» **DATASET CONTENT**
*** Block opens ***

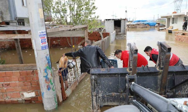 Şehzadeler Belediyesi ekipleri, etkili yağışların ardından su taşkını yaşanan Akpınar Mahallesi'nde evlerinden çıkamayan vatandaşlara iş makineleriyle ulaşarak temel ihtiyaç malzemesi dağıttı.Manisa'da son günlerde etkili olan yoğun yağışlar, Şehzadeler ilçesindeki Akpınar Mahallesi'nde su taşkınlarına neden oldu. Yükselen su seviyesi nedeniyle bazı yurttaşlar evlerinde mahsur kalırken, Şehzadeler Belediyesi Sosyal Yardım İşleri Müdürlüğü ekipleri hızlı bir şekilde bölgeye sevk edildi.Yaşanan olumsuzluklara kayıtsız kalmayan Şehzadeler Belediyesi ekipleri, iş makineleri yardımıyla suyla kaplanan sokaklara girerek mahsur kalan vatandaşlara ulaştı. Ekipler tarafından bölgedeki ailelere ekmek ve su başta olmak üzere temel gıda ürünleri dağıtıldı.
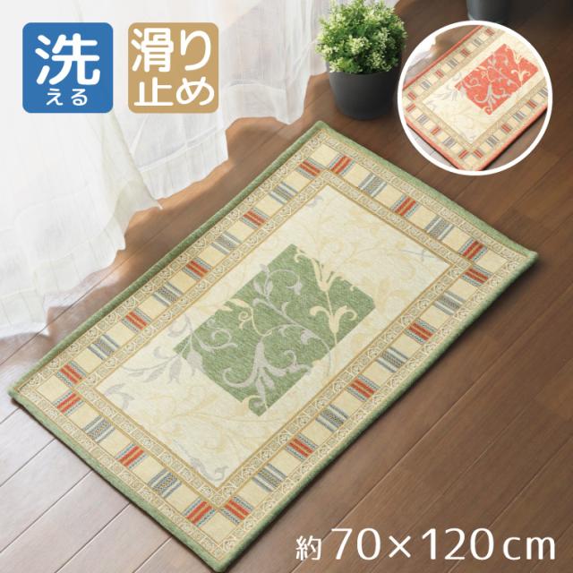 マット 玄関マット 洗える 約70×120cm プラド シェニール ゴブラン織り リーフ柄 ヨーロピアン 花柄 フローラル 室内 屋内 エントランス おしゃれ 爽やか 滑りにくい 在宅 勤務
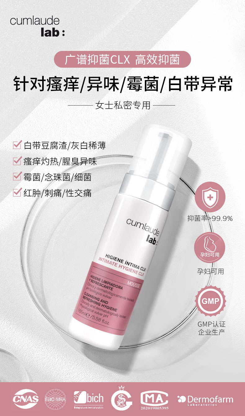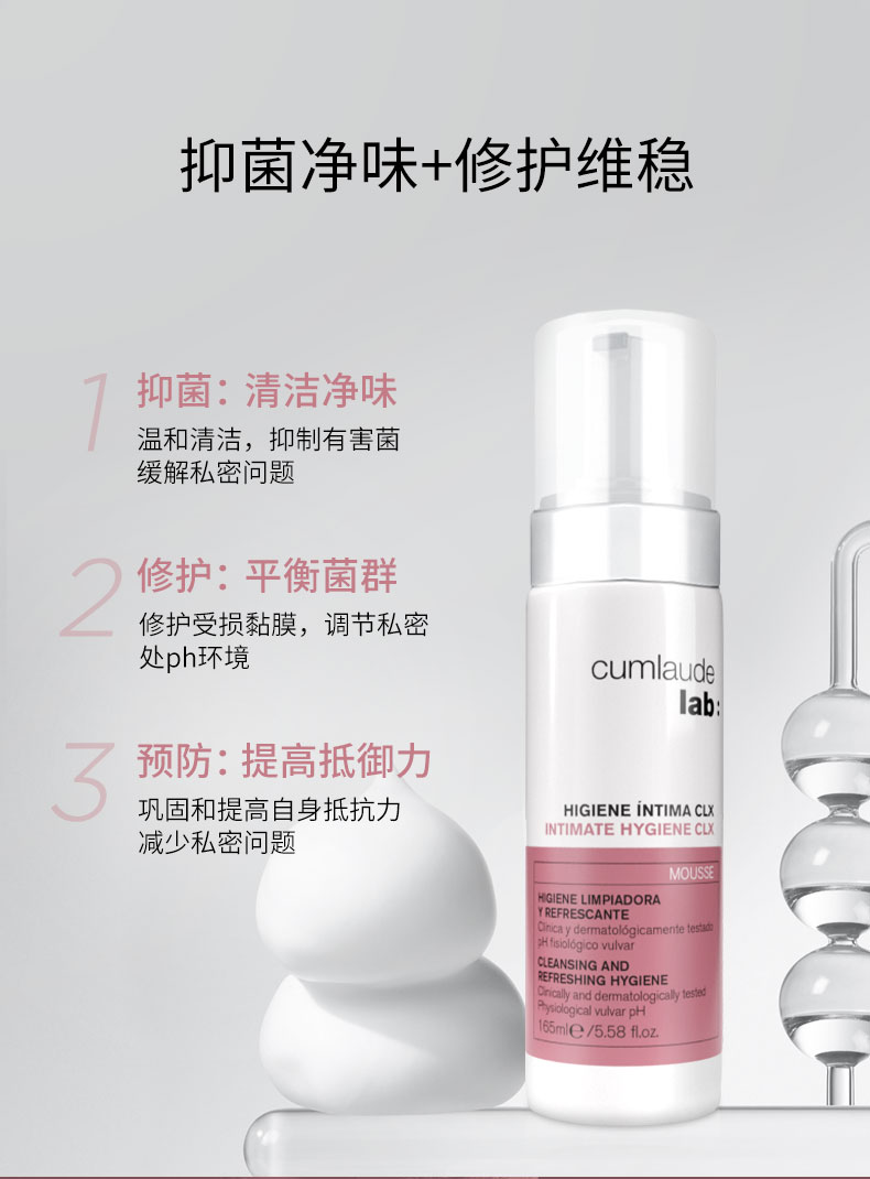 【跨境】Cumlaude珂蔓朵 洗必泰健康护理慕斯 165ml

*** Block closes ***

» **ASSIGNED TASK**
Retype precisely, and only, the lines from the one holding "マット 玄関マット 洗える" through the final line of the data above, with the pictures omitted.

» **REPLY TO THE EXERCISE**
 マット 玄関マット 洗える 約70×120cm プラド シェニール ゴブラン織り リーフ柄 ヨーロピアン 花柄 フローラル 室内 屋内 エントランス おしゃれ 爽やか 滑りにくい 在宅 勤務
 【跨境】Cumlaude珂蔓朵 洗必泰健康护理慕斯 165ml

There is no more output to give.